THE PROBLEM >> Return the listing below exactly. Leave its pictures out.

DATA SHOWN >>

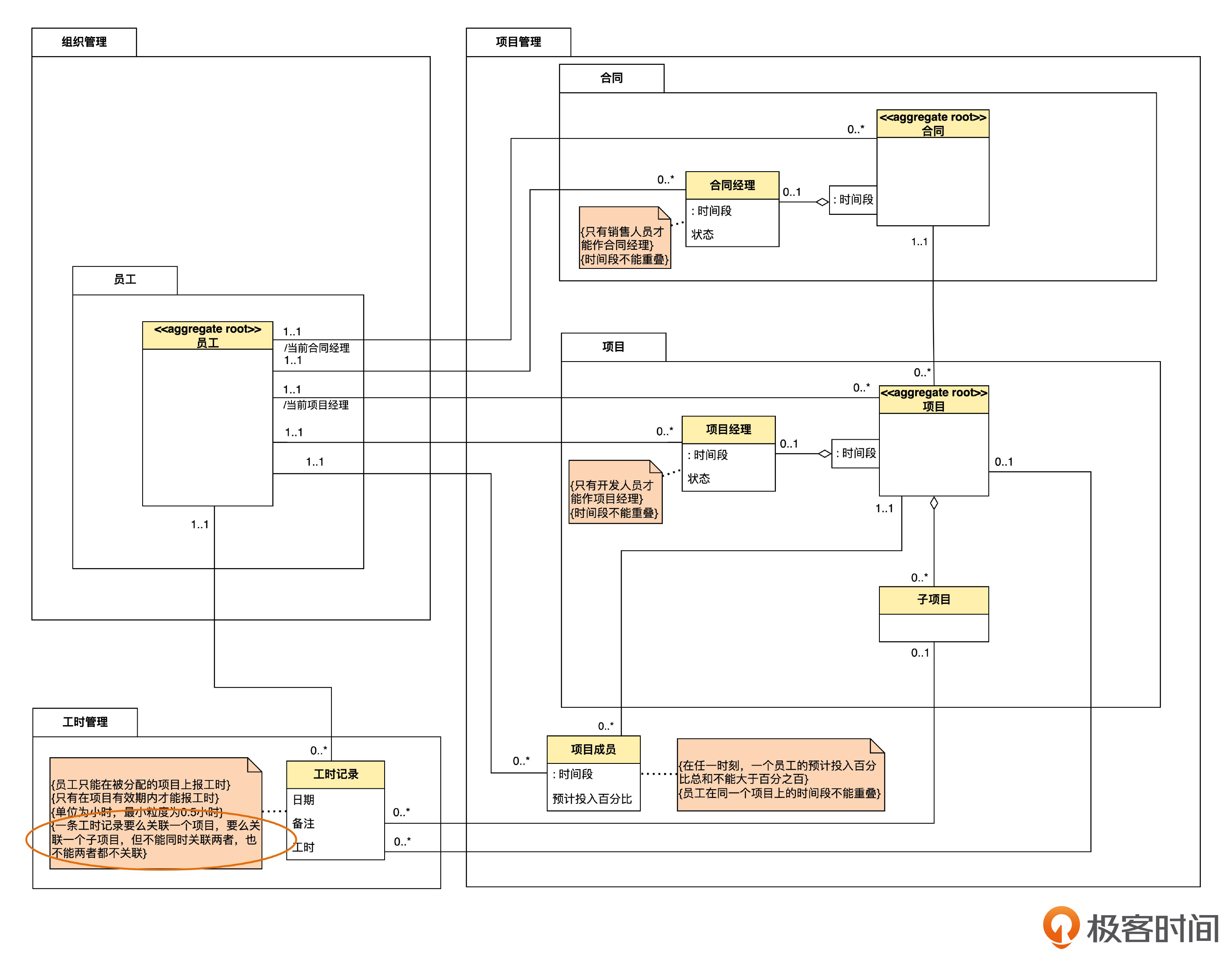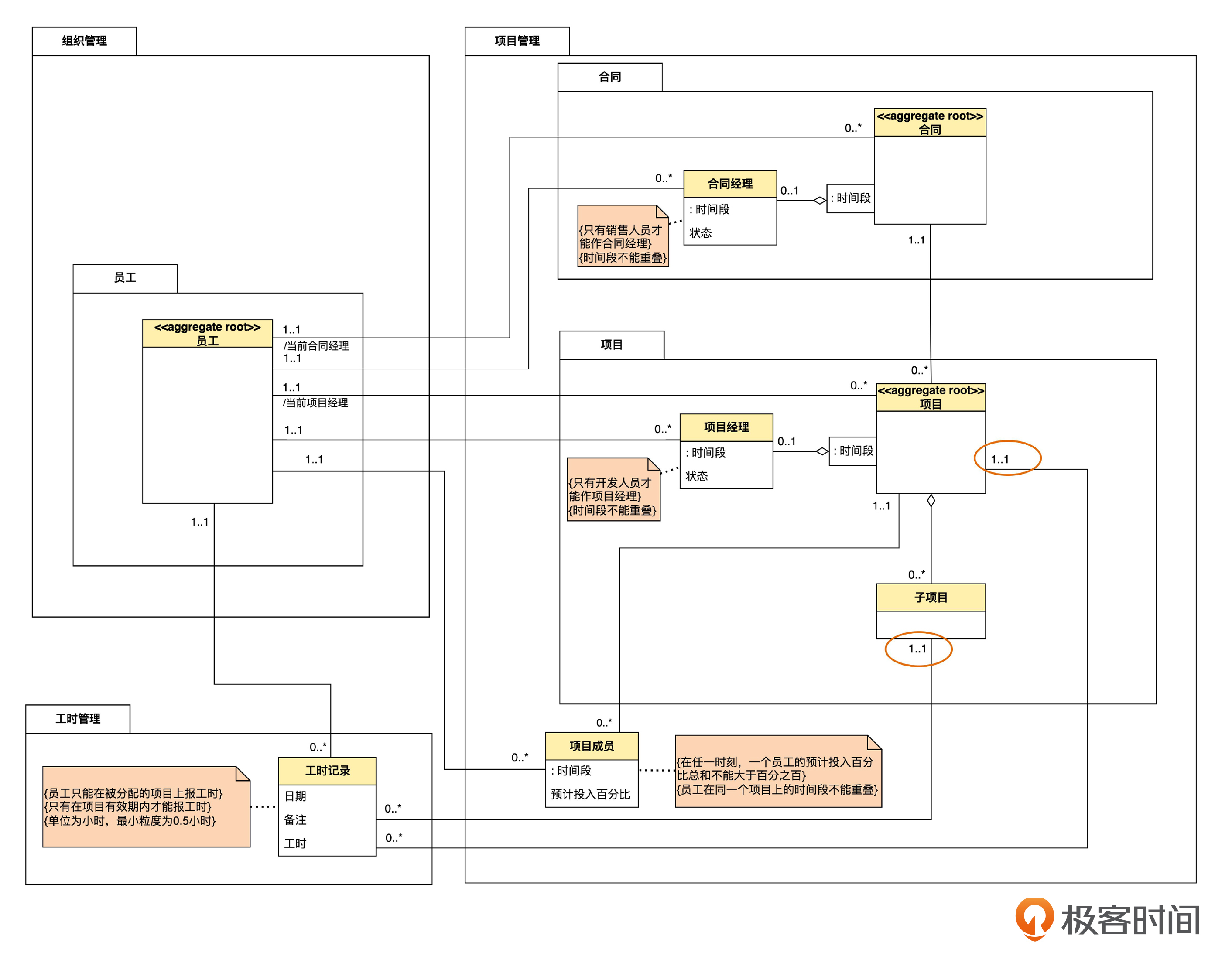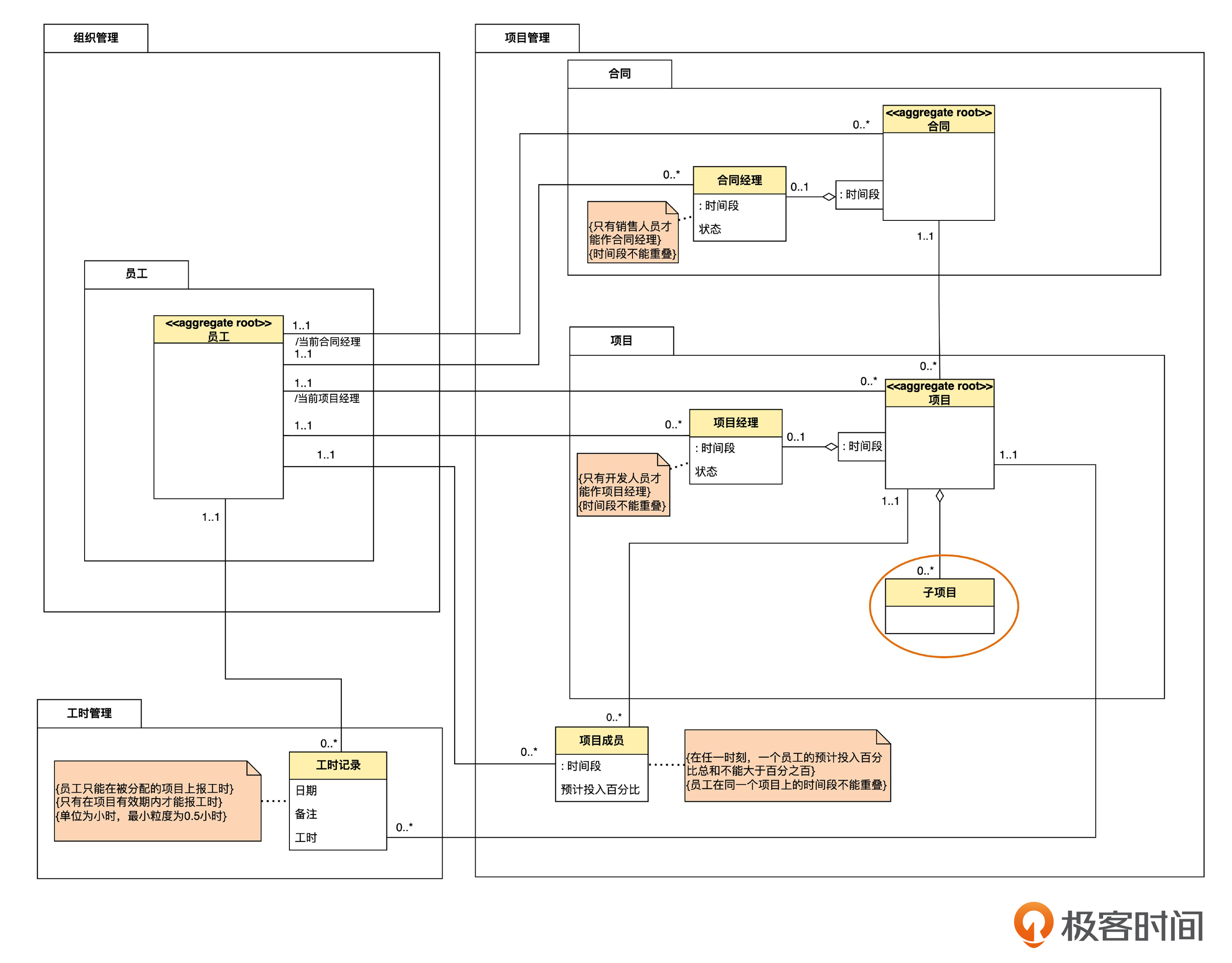 正确的逻辑应该是:一条工时记录要么关联一个项目,要么关联一个子项目,但不能同时关联两者,也不能两者都不关联。运用目前我们已经掌握的建模技术,只能用注释的形式增加一个约束。
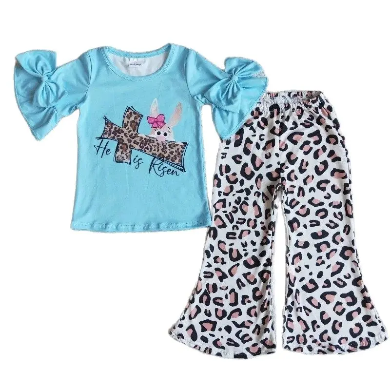 Оптовая продажа, Пасхальный кролик, детский весенний наряд с голубым бантом и оборками, одежда для маленьких девочек, леопардовые брюки, одежда для малышей
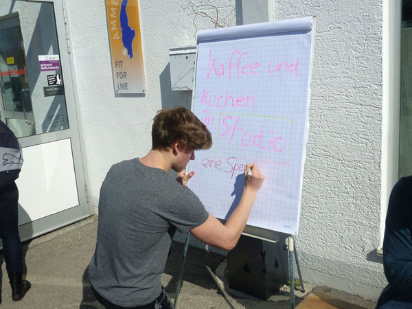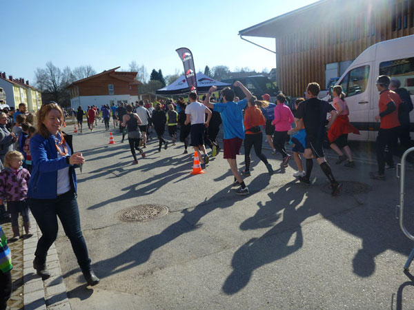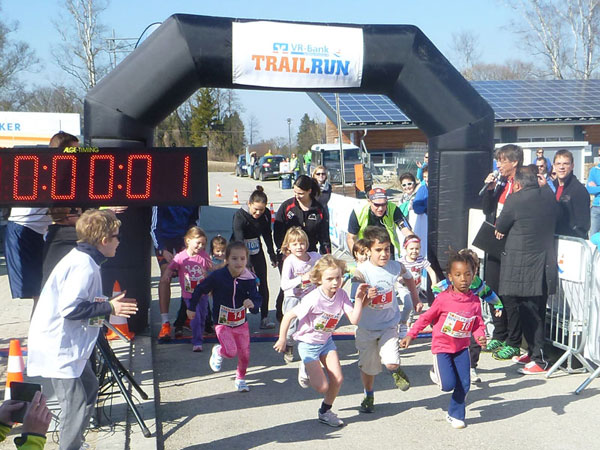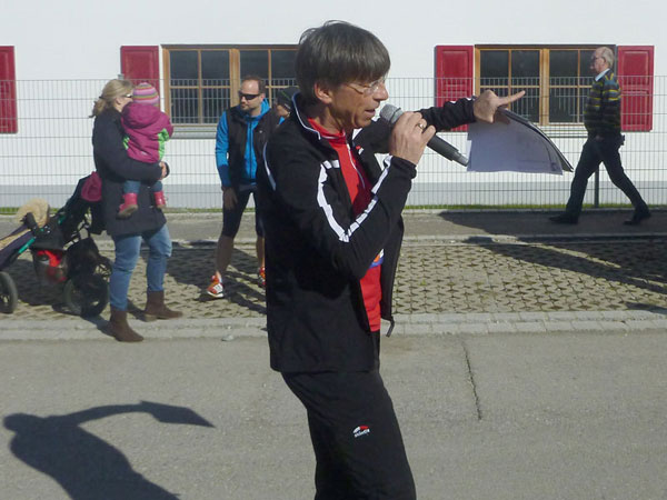 Bis eine halbe Stunde vor den Kinder-Starts kann man noch nachmelden. Wie mir scheint, machen heute außerordentlich viele davon Gebrauch. Vom Ammerfit-Studio führt ein Weg zum etwa 150 Meter entfernten Start- und Zielbereich. Moderiert werden alle Läufe von Peter Maisenbacher, ihn kennt man ja mittlerweile nicht mehr nur vom Fernsehen, sondern auch live als Moderator von vielen Laufveranstaltungen.

RESPONSE AREA >>
 正确的逻辑应该是:一条工时记录要么关联一个项目,要么关联一个子项目,但不能同时关联两者,也不能两者都不关联。运用目前我们已经掌握的建模技术,只能用注释的形式增加一个约束。
 Оптовая продажа, Пасхальный кролик, детский весенний наряд с голубым бантом и оборками, одежда для маленьких девочек, леопардовые брюки, одежда для малышей
 Bis eine halbe Stunde vor den Kinder-Starts kann man noch nachmelden. Wie mir scheint, machen heute außerordentlich viele davon Gebrauch. Vom Ammerfit-Studio führt ein Weg zum etwa 150 Meter entfernten Start- und Zielbereich. Moderiert werden alle Läufe von Peter Maisenbacher, ihn kennt man ja mittlerweile nicht mehr nur vom Fernsehen, sondern auch live als Moderator von vielen Laufveranstaltungen.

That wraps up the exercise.